In contrast to the bobbled early effort to sell its budget plan, the Administration hopes to sell the health care program on its terms--as a reform that not only will benefit the sick and uninsured but offer greater security to Americans who are now satisfied with their health care but live under the threat of losing their insurance coverage.

The broad outlines of the Administration’s program are clear. It would establish huge insurance purchasing cooperatives--”health alliances”--that would combine the bargaining power of individuals and small businesses, enabling them to acquire the lowest-cost health plans from health care providers.

The program also would create a package of guaranteed benefits for all Americans and would require employers to pay most of the costs.

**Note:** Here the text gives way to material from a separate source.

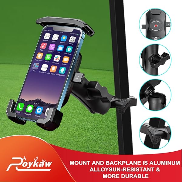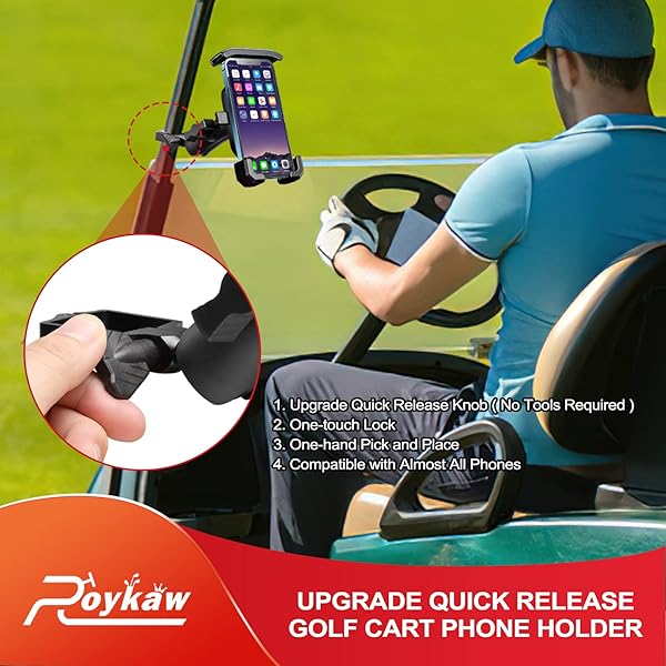 - Roykaw Golf Cart Phone Mount Holder Compatible with EZGO/Club Car/Yamaha, Upgrade Quick Release & One-Touch Lock, Compatible with iPhone/Galaxy/Google Pixel/Motorola/All 4.7"-6.8" Devices with reliable performance and quality- Specifically Designed: This phone mount holder fits compatible with EZGO TXT/RXV, Club Car DS/Precedent/YAMAHA etc. Just only for square frame. ( Fits for 3/4", 4/5", 1.0", 1-1/4"square frame)- Adjustable Width: Suitable for the devices which size is

Because the requirements on business have become the focus of attacks from Republicans and some business leaders, Clinton and his aides felt compelled Monday to make a special effort to counter them. Talk of the lengthy phase-in period, hinted at earlier by the Administration, was part of that strategy.

In addition, Ira Magaziner, a senior health policy adviser, told reporters that the Administration will propose partial subsidies to help smaller businesses pay their share of the minimum health benefits package for their employees. While the nation’s larger employers could be required to pay as much as 7% of their payroll to support a national guaranteed health package, businesses with four or fewer employees might be required to pay a maximum 3.5% of payroll.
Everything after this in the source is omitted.